Les gangs liés au narcotrafic opèrent notamment depuis les prisons du pays où l’Etat n’arrive plus à exercer son autorité et doit faire face à des émeutes récurrentes. Depuis leurs cellules, les leaders des gangs en Equateur arrivent à diriger leurs opérations criminelles. Si bien que le système pénitentiaire du pays est devenu le centre névralgique de cette crise sécuritaire. Si l’évasion d’Adolfo Macias n’a ainsi pas été une surprise, elle a à nouveau mis la lumière sur le dysfonctionnement des institutions judiciaires dans le pays et l’impuissance des agents de l’autorité pénitentiaire, qui voient leurs familles menacées de mort s’ils refusent de coopérer.

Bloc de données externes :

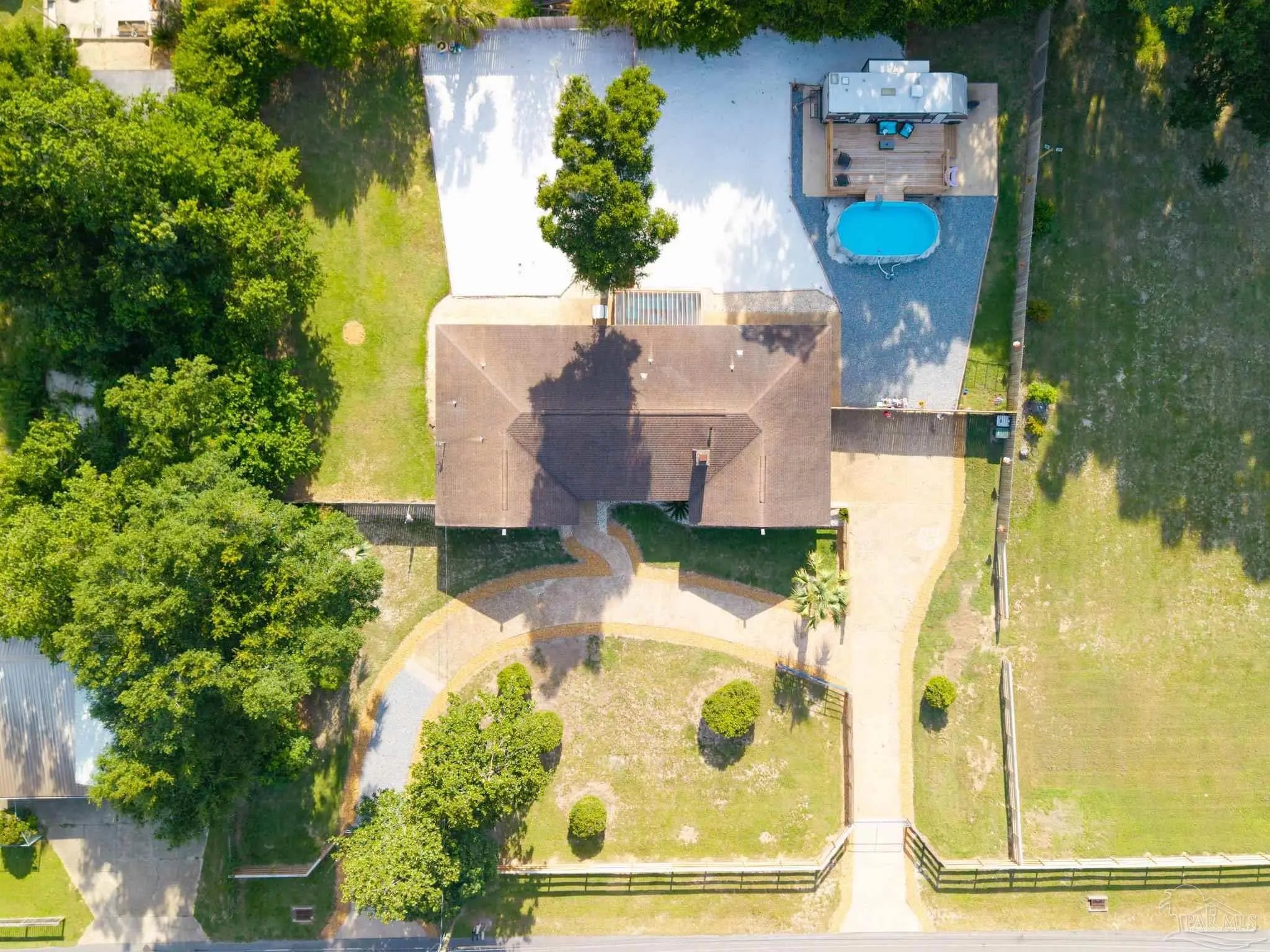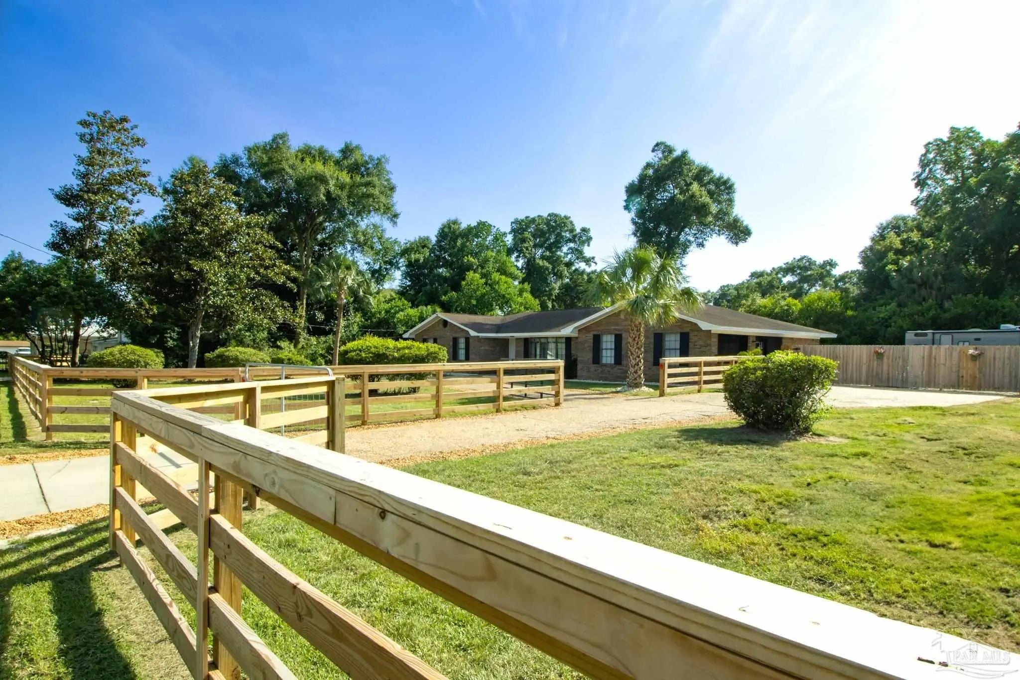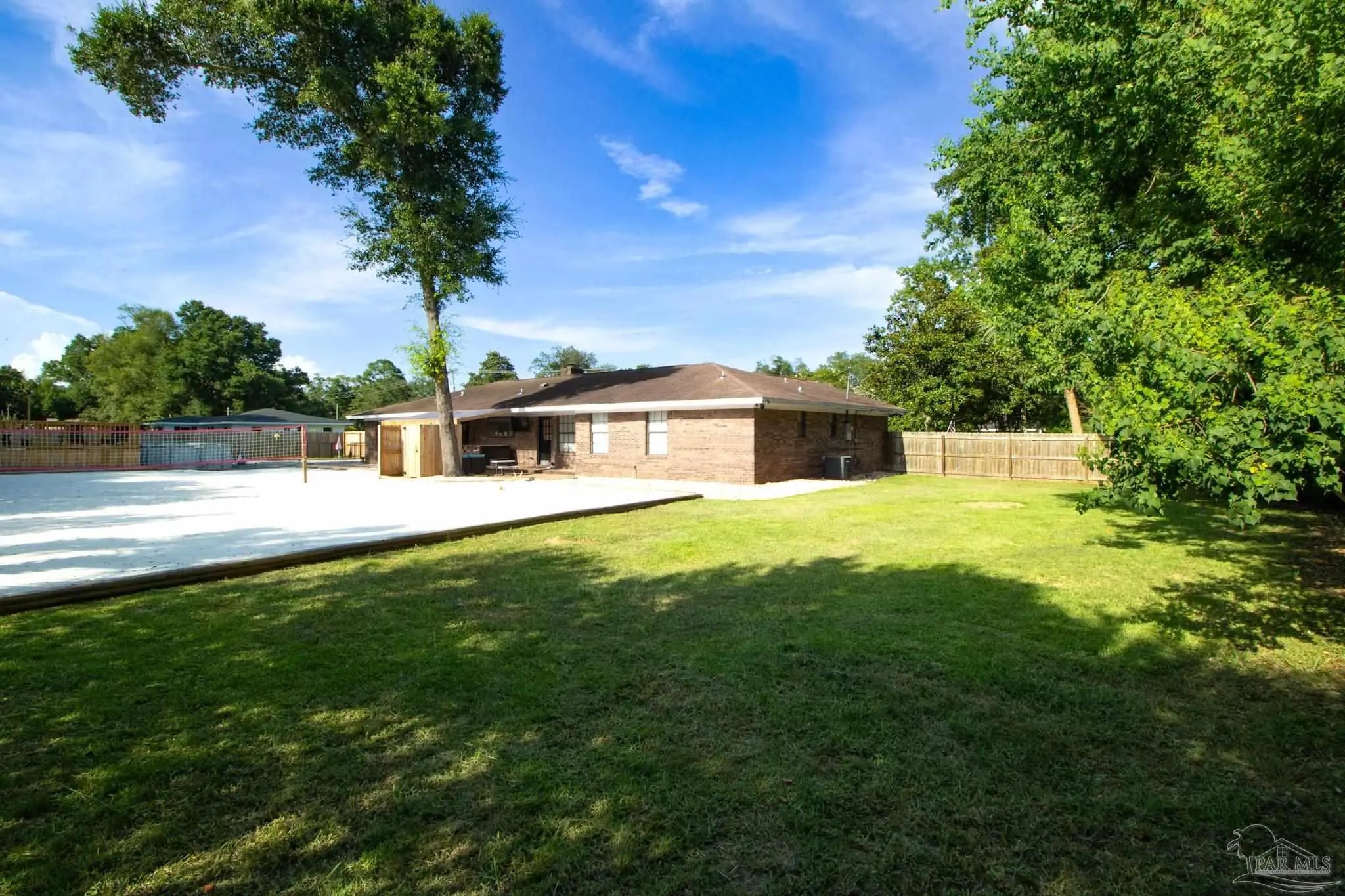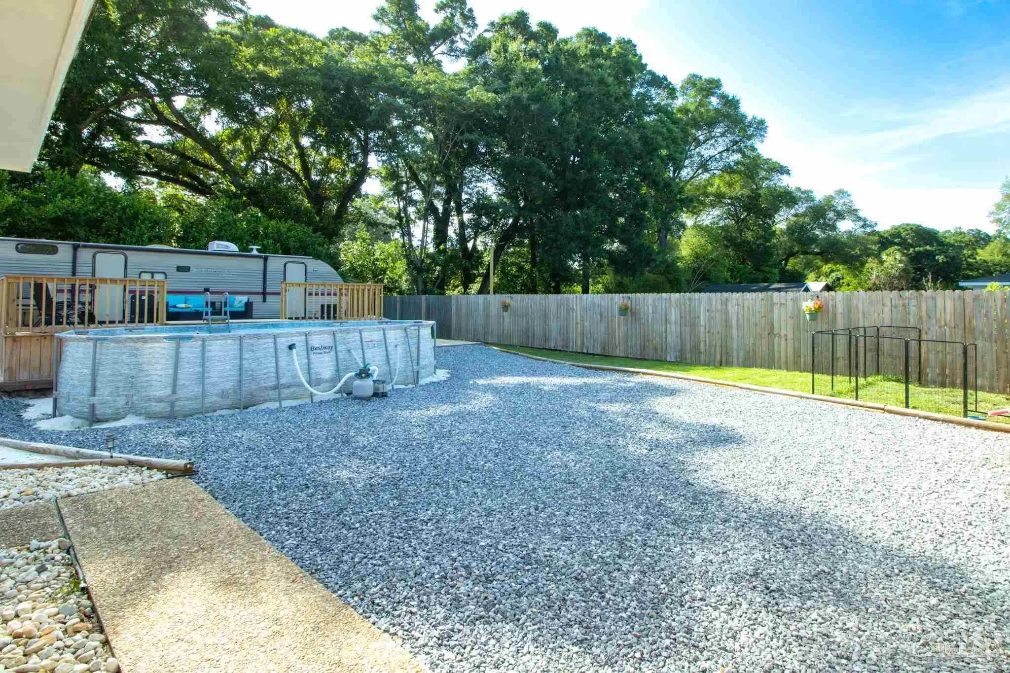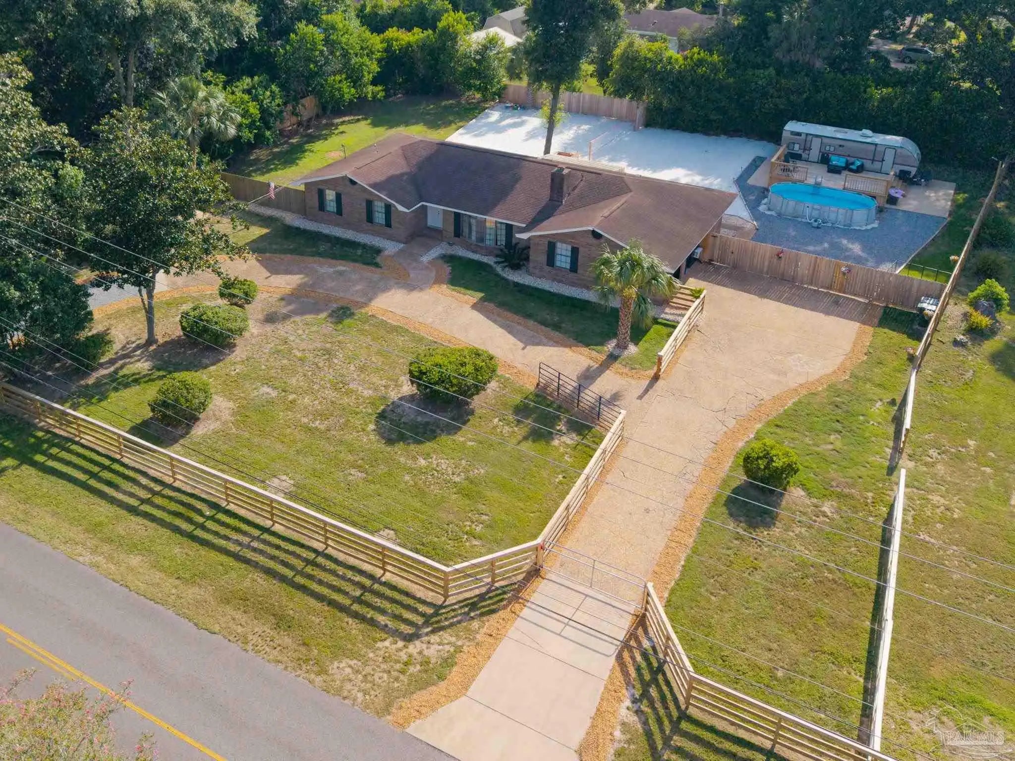 Charming Brick Ranch on .7 Acres! four generously sized bedrooms, three full bathrooms, fresh paint throughout, new kitchen counter tops/sink, new ceiling fans throughout, 2 car attached garage that has been converted into an extra living area/playroom. The entire property is fenced, offering peace of mind for pet owners or children to play freely. For the little ones, a giant sand pit awaits! Beat that Florida heat in your Intex above-ground pool! The covered back patio has tons of room to set up your outdoor dining or lounge seating! Providing the perfect blend of family living and exciting coastal adventures, significant recent improvements and ample outdoor space, it's truly a gem. Also, Location, location, location! 25 minutes to Pensacola Beach or 40 minutes to Orange Beach, Alabama!

En 2023, plus de 8.000 homicides liés au crime organisé ont été dénombrés dans le pays, soit quasiment le double par rapport à 2022, qui constituait déjà une année record. L’insécurité est devenue la préoccupation principale des Equatoriens, dans un pays qui n’a jamais eu à faire face à une telle vague de violence. Les élections présidentielles de juillet dernier avaient été marquées par une recrudescence des actes criminels et par les assassinats d’un maire et d’un candidat à la présidentielle, tous les deux engagés contre la corruption et le narcotrafic. Un épisode qui avait profondément choqué le pays et révélé la détermination des organisations mafieuses présentes en Equateur.
L’élection de Daniel Noboa, qui a promis une réponse ferme face à l’insécurité, devait répondre à ces inquiétudes. Lors de sa campagne, le jeune président de 35 ans avait notamment proposé de détenir certains leaders de gangs sur des navires au large de l’Equateur, les coupant ainsi de toute communication avec l’extérieur. Un projet qui pourrait voir le jour à l’automne 2024. La semaine dernière, Daniel Noboa a proposé qu’un référendum soit organisé pour donner plus de prérogatives aux forces armées sur le territoire national et alourdir les peines liées au crime organisé. Les événements de ces derniers jours pourraient aller dans le sens de cette initiative.
S’inspirant de la politique ultra-répressive de Nayib Bukele au Salvador, le président équatorien souhaite aussi construire de nouvelles prisons dans le pays, spécialement faites pour neutraliser les réseaux mafieux. La construction d’une de ces prisons devrait commencer dans les prochains jours. Daniel Noboa a également ouvert des négociations avec Washington le mois dernier en vue de renouveler les équipements de la police équatorienne.
La coopération avec les Etats-Unis dans le domaine de la sécurité pourrait s’accélérer tant la situation est préoccupante en Equateur, devenu aujourd’hui l’un des pays les plus dangereux d’Amérique du sud. Le risque d’une escalade dans les prochains jours est réel, d’autant plus que les forces armées et les institutions du pays ont semblé jusque-là incapables de stopper cette vague de violence.